Today, the Immigration Minister holds numerous discretionary powers that allow him to make substantial and lifelong decisions about the lives of vulnerable people. These powers lack transparency, accountability and are not amenable to review by the courts. Originally the exception, they have become the norm.
Liberty Victoria’s Rights Advocacy Project (RAP) has found these powers allow a Minister to make a significant decision about a person’s life based on the Minister’s own satisfaction. The decisions are virtually unreviewable, which leaves no avenue to correct mistakes. Moreover, discretionary powers to make decisions ‘in the public interest’ have dramatically increased over the last 30 years. The courts have consistently acknowledged that what is in the public interest is a matter of political responsibility and entirely discretionary. So, the Minister can decide whether to exercise his decision-making power and he defines what is in the public interest.

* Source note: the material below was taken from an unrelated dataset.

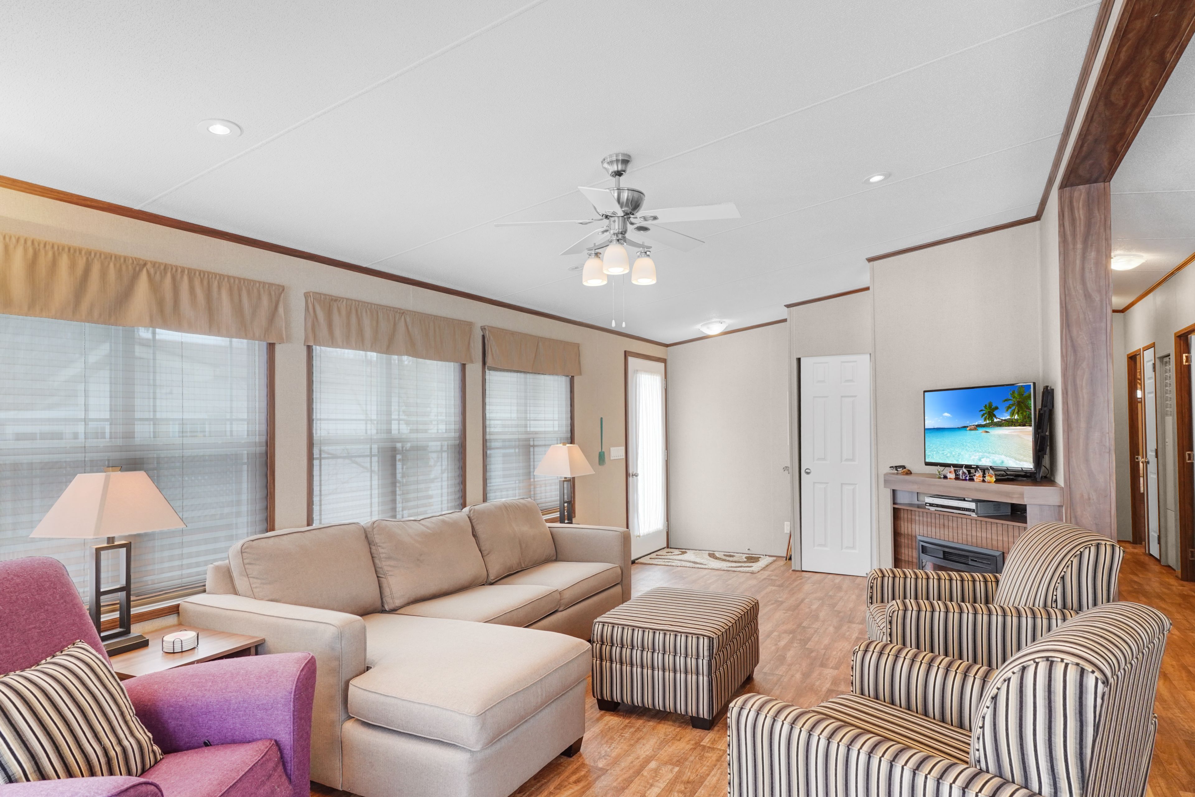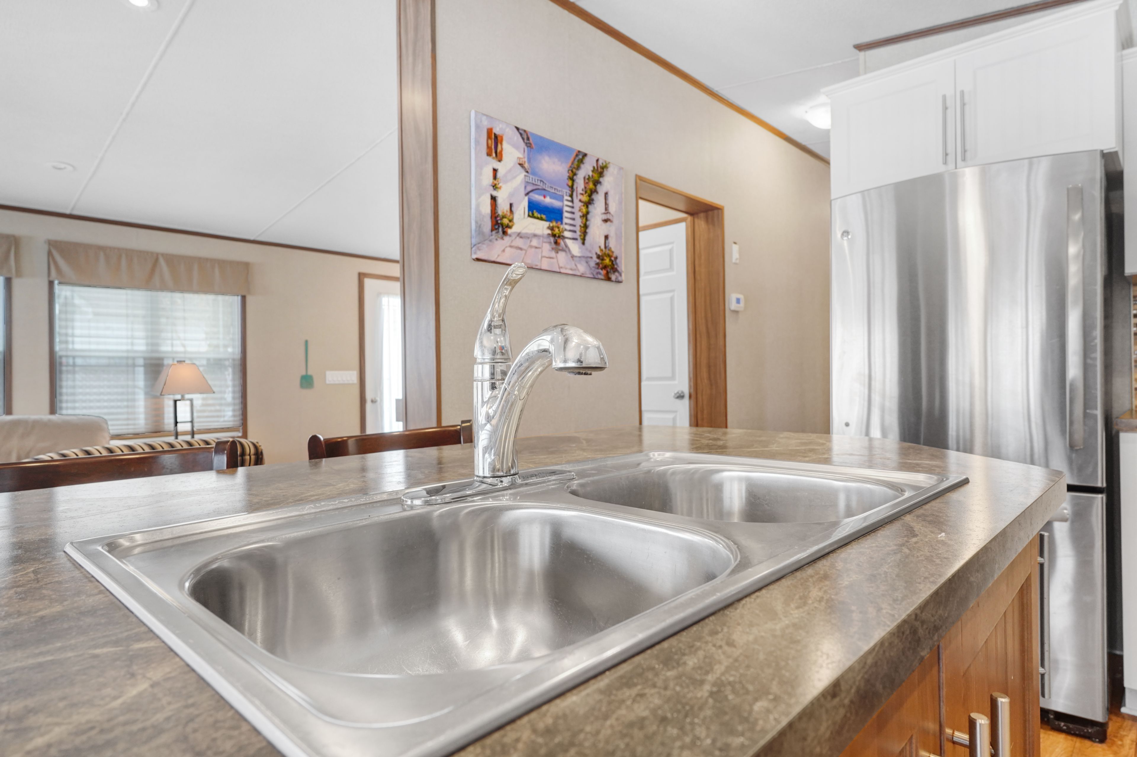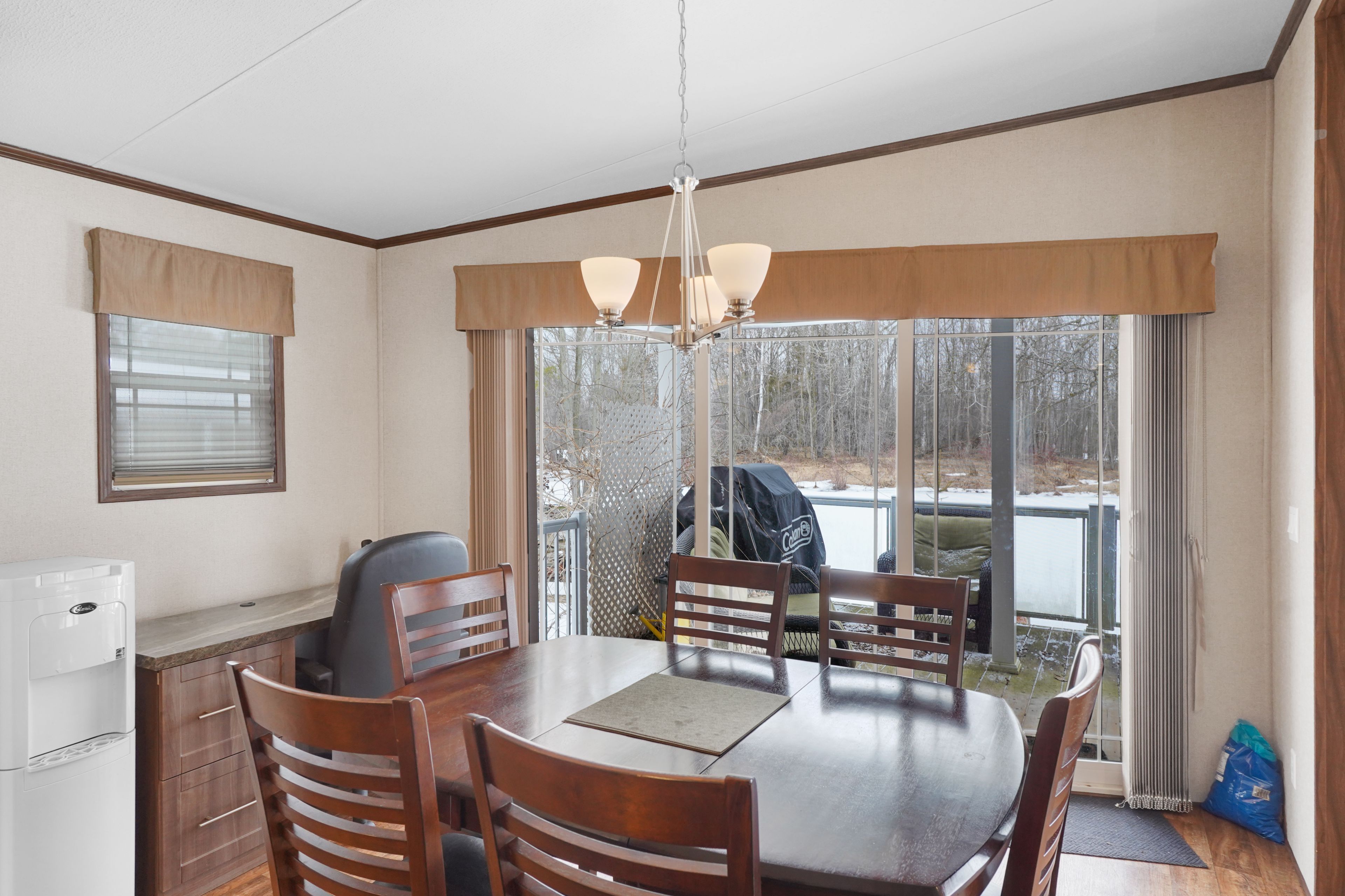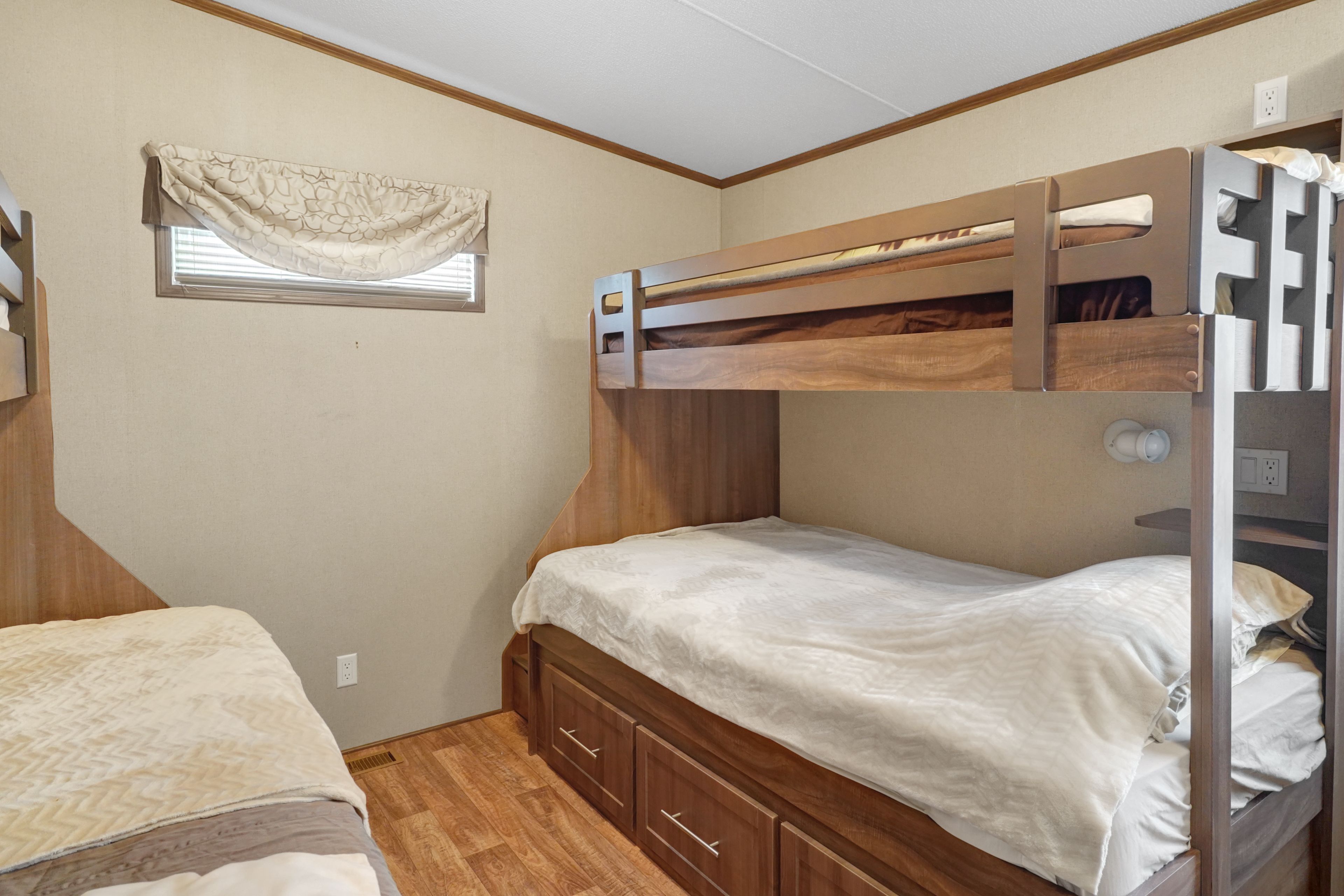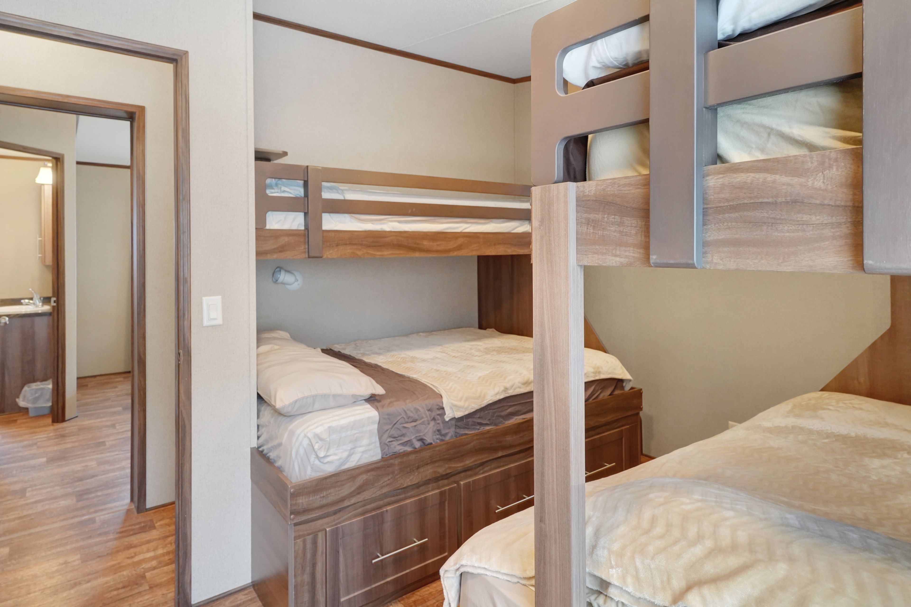 2026 park fees paid! This beautifully maintained 2016 Northlander Classic double wide park model offers exceptional direct waterfront living with a private dock in Fisherman's Cove, just minutes east of Kincardine. Situated on a private spring fed lake, it is only about 30 minutes from Port Elgin and the shores of Lake Huron.The spacious interior features two equal sized bedrooms, each with generous walk in closets. The master bedroom includes a private ensuite bathroom for added convenience. The open concept living and dining area is bright and inviting, highlighted by impressive full width (24') sliding glass doors that provide stunning panoramic water views and seamless access to a matching full width deck perfect for outdoor entertaining or simply relaxing by the water.The well equipped kitchen boasts modern stainless steel appliances, a large island with double sink, and ample counter space. Warm wood cabinetry and neutral tones create a welcoming cottage atmosphere throughout. Additional features include a second full bathroom and practical storage solutions.Ideal as a seasonal family retreat, this turnkey waterfront home combines comfort, style, and unbeatable lake access in a popular resort community with amenities including a beach, pools, and more. A rare opportunity-contact us today to schedule a private viewing!

This event will examine the expansion of the Immigration Minister’s already broad, discretionary powers and the erosion of the robust checks and balances that keep our government accountable.
Should we really allow the Minister to play God with people’s lives?
Guest Speakers
Roj Amedi @Roj_Ame – editor, writer and strategist.
Chris Berg @chrisberg – commentator, IPA fellow, currently postdoctoral fellow at RMIT university.
Ian MacPhee – former immigration minister under Malcolm Fraser.
Charlie Powles – senior supervising solicitor at Refugee Legal, formal Tribunal member of the Migration Review Tribunal / Refugee Review Tribunal.
Jane Lee @JaneSYLee – court reporter for Fairfax, will host the event. Jane's work focuses on law reform, politics, access to justice and the criminal justice system.